Thermal x Vision Support
Following issue 14, I created a small example for thermal embedding. While the Vision x Text and Thermal x Text are working properly, it seems the Vision x Thermal does not yield the correct result.
def load_and_transform_thermal_data(thermal_paths, device):
if image_paths is None:
return None
thermal_ouputs = []
for thermal_path in thermal_paths:
data_transform = transforms.Compose(
[
transforms.Resize(
224, interpolation=transforms.InterpolationMode.BICUBIC
),
transforms.CenterCrop(224),
transforms.ToTensor(),
# transforms.Normalize(
# mean=(0.5),
# std=(0.5),
# ),
]
)
with open(thermal_path, "rb") as fopen:
thermal = Image.open(fopen).convert("L")
thermal = data_transform(thermal).to(device)
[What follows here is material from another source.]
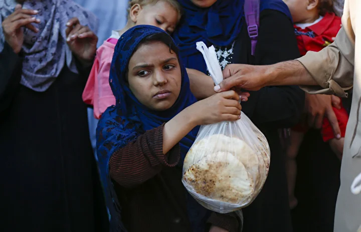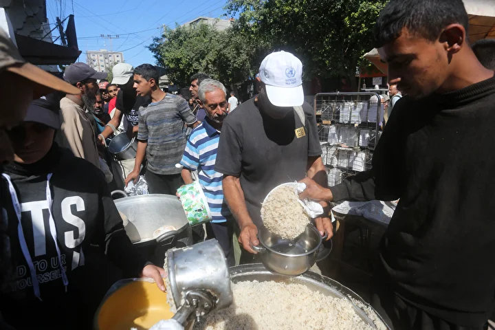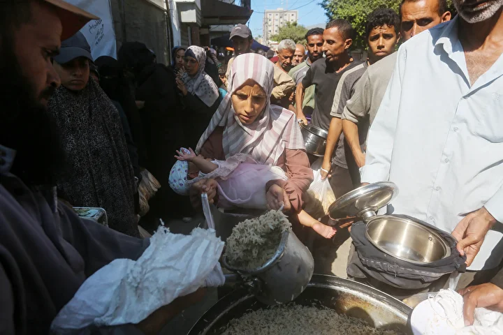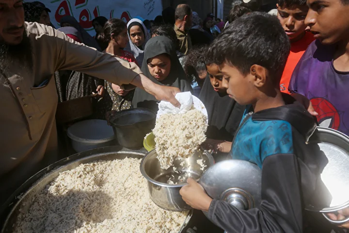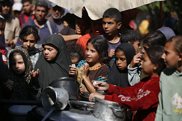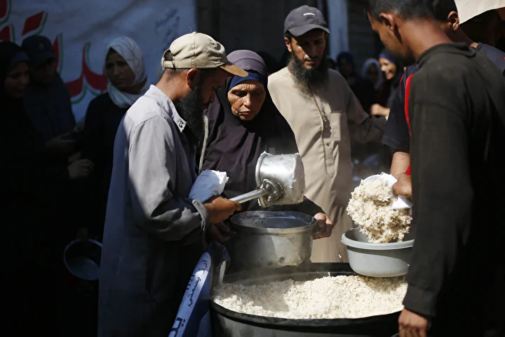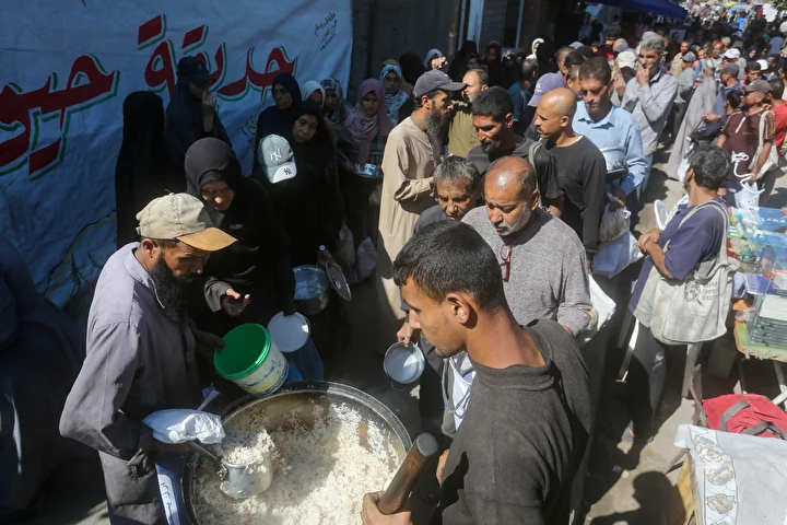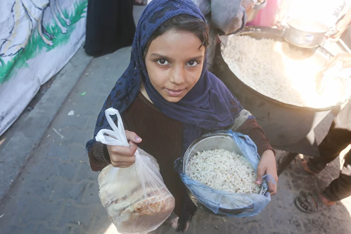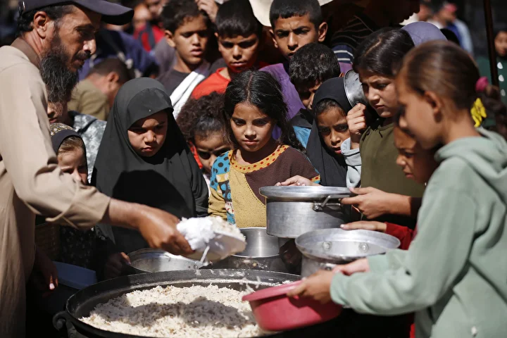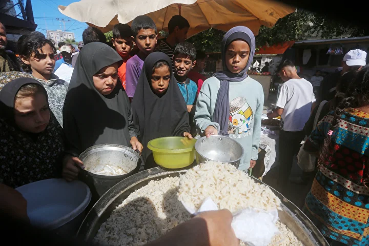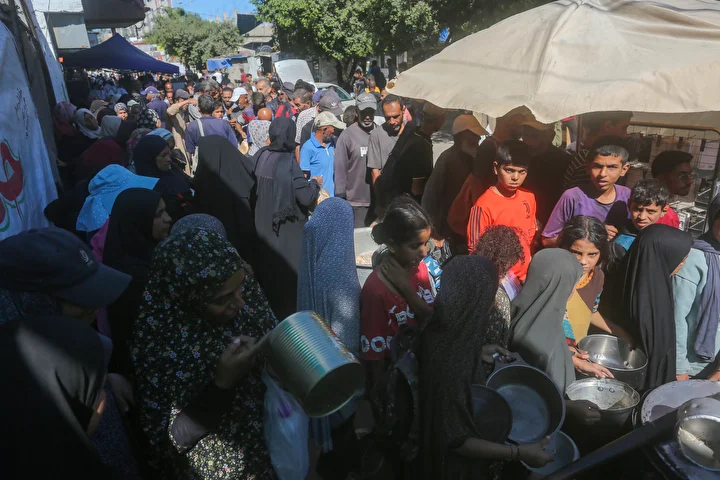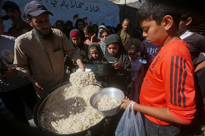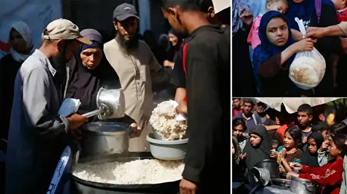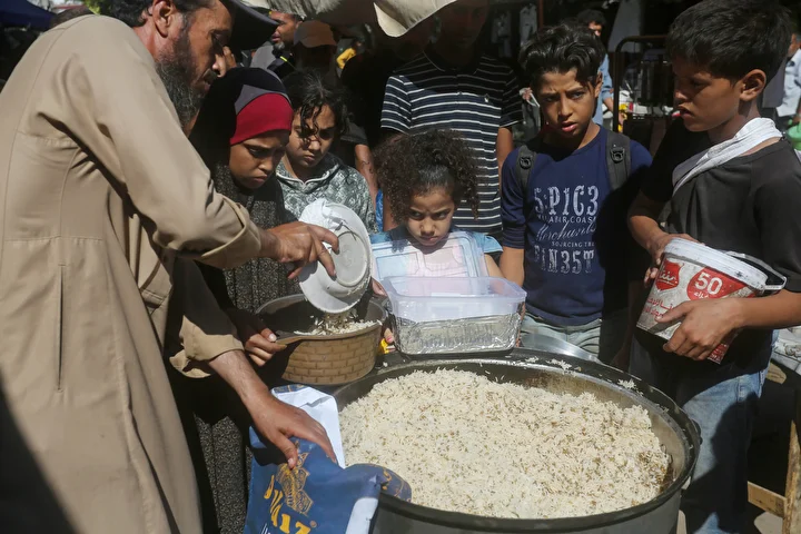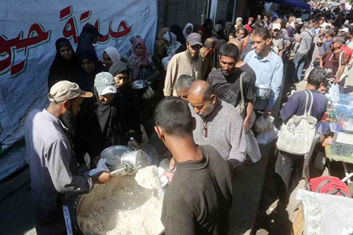 Gazze Şeridi’ndeki Deyr Belah kentinde, aralarında kadın ve çocukların da bulunduğu çok sayıda Filistinli, hayır kurumları tarafından dağıtılan yemeklerden alabilmek için kuyruklar oluşturdu. İsrail saldırıları nedeniyle yerinden edilen binlerce kişi, hayatta kalabilmek için bölgedeki yardım kuruluşlarının sağladığı gıdaya muhtaç durumda.
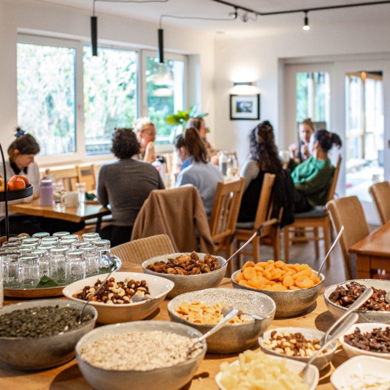 In der STUUB wird Wert auf lokale Produkte gelegt. Du wirst durch ein reichhaltiges vegan/vegetarisches Frühstücksbuffet und Abendessen verpflegt, zwischendurch gibt es nährende Snacks und jederzeit stehen kalte und warme Getränke für dich bereit.

thermal_ouputs.append(thermal)
return torch.stack(thermal_ouputs, dim=0)
And the results are:
Vision x Text:
[[9.9997604e-01 2.3943641e-05]
[6.0792509e-06 9.9999392e-01]]
Thermal x Text x :
[[1.0000000e+00 1.2433221e-11]
[2.8220674e-02 9.7177935e-01]]
Vision x Thermal Cosine:
[[0.1554441 0.02945926]
[0.16725276 0.03671783]]
Vision x Thermal Softmax:
[[0.7789999 0.22100005]
[0.7867338 0.21326624]]
What dataset did you use for your thermal data? Did you use LLVIP in the paper?
Done?
Where did you add the function "load_and_transform_thermal_data" exactly? I am facing a different issue though but this might help!, my issue is this: Given groups=1, weight of size [768, 1, 16, 16], expected input[3, 3, 224, 224] to have 1 channels, but got 3 channels instead
Thanks in advance!
Also I think there is a typo in line 2, replace image_paths with thermal_paths
Hi, here to recommend our work, which is LanguageBind: Extending Video-Language Pretraining to N-modality by Language-based Semantic Alignment. We open source all training and validation code.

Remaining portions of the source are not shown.